Abstract

The surface textures of natural objects often have the visible fractal-like properties. A similar pattern of texture could be found looking at the forests in the aerial photographs or at the trees in the outdoor scenes when the image spatial resolution was changed. Or the texture patterns are different at different spatial resolution levels in the aerial photographs of villages. It creates the difficulties in image segmentation and object recognition because the levels of spatial resolution necessary to get the homogeneously and correctly labeled texture regions differ for different types of landscape. E.g. if the spatial resolution was sufficient for distinguishing between the textures of agricultural fields, water, and asphalt, the texture labeled areas of forest or suburbs are hardly fragmented, because the texture peculiarities corresponding to two stable levels of texture spatial resolution will be visible in this case.
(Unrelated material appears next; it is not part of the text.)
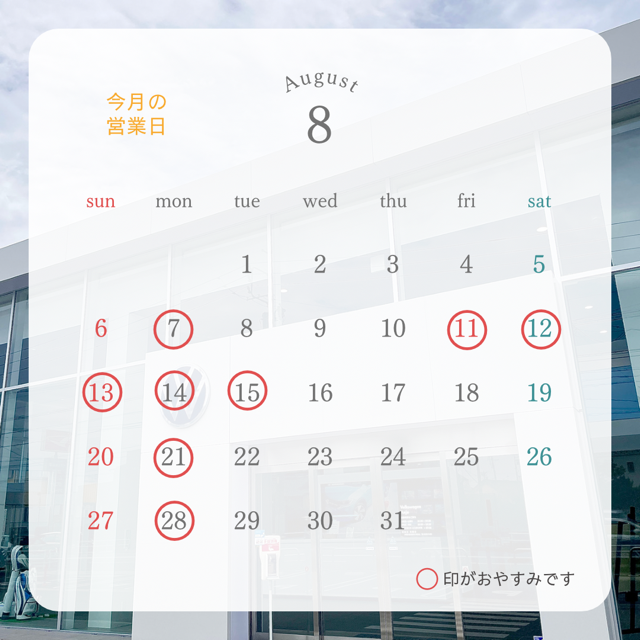 8月の定休日&夏季休業の

A hierarchical texture analysis could solve this problem, and we did it in two different ways: we performed the texture segmentation simultaneously for several levels of image spatial resolution, or we subjected the texture labeled image of highest spatial resolution to a recurring texture segmentation using the texture cells of larger sizes. The both approaches turned out to be rather fruitful for the aerial photographs as well as for the outdoor images. They generalize and support the hierarchical image analysis technique presented in another our paper. Some of the methods applied were borrowed from the living vision systems.